Two good references: Tim Noake's The Lore of Running and Bernd Heinrich's Racing The Antelope. The latter, written from the perspective of a biologist and ultramarathoner, talks about how humans developed the ability to sweat because we had to run around in the daytime while all the big predators slept. They re-released the book under some other title in paperback but I forget what it is.

Kevan
06-21-2004, 11:05 AM
Sweat by itself doesn’t cool you, very hot humid weather proves that point. What cools you is the evaporation of sweat from your skin. Try rubbing alcohol on your skin and see how it works. Alcohol’s low evaporation point exaggerates the experience. Remember that picture of racers sporting lumps on their backs, under their jerseys? Those were sponges soaked in alcohol-laced aftershave to enhance the cooling effort. Fabric fibers that wick are good. Wool beats the synthetic materials in that it warms and helps cool.
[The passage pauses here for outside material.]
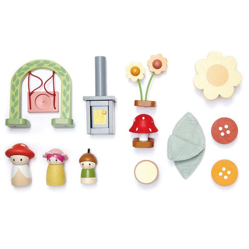Includes 2 wooden flowers, a toadstool and a wooden swing. A wood-burning stove, a table with stools and a lovely bed for baby.

Haven’t tried the t-shirt myself since I don’t really dial in my comfort to such a level. But I do have a question for someone else who might know a thing or two about…

Nipples. In particular, sore, seemingly rubbed raw nipples. Okay, I’m manly enough to talk about this… I’ve heard from a couple camps on this subject that the condition is attributed to a hormonal freak out caused by extensive exercise or the other being that the nips are being rubbed against the jersey fabric, basically sanded raw, it seems. What gives? I’ve heard tell people using those circular little band-aids to protect their nibblies, but I just can't bring myself to applying pasties. So do any of you tassle-swingers have any suggestions? The after ride showers are um… painful.

davep
06-21-2004, 11:33 AM
I ride in a hot and very humid climate and riding at 15mph+ provides all the air movement needed to evaporate the sweat. But if I stop at all I'm soaked. Saturday, while stopped at a store restocking on water I started sweating a lot. As soon as we started riding it was immediatley cooler. I don't know how wearing a wicking layer is going to help in those conditions, but it would seem to provide some insulation, which is not needed.

shaq-d
06-21-2004, 07:15 PM
needs help:

it doesn't matter if sweat is evaporating through the air or wicked away. the action is the same thing, and it cools you.

sd

BumbleBeeDave
06-21-2004, 08:44 PM
. . . You naughty boy! My nips are getting hard just thinking about riding! I’ll have to try some of those itty-bitty band-aids--sounds kinky! ;) ;) ;) ;) ;) ;) ;) :eek:

Naughty BBDave

Dekonick
06-21-2004, 08:46 PM
Two processes are in action: 1) the evaporation process, and 2) the water already has YOUR body temp when you sweat it out.
(interestingly, the fact that water has a specific gravity of 1, specific heat of 1, and all of the other properties of water - from hydrogen bonds etc... is the reason life can exist! - water is neat sh*t!)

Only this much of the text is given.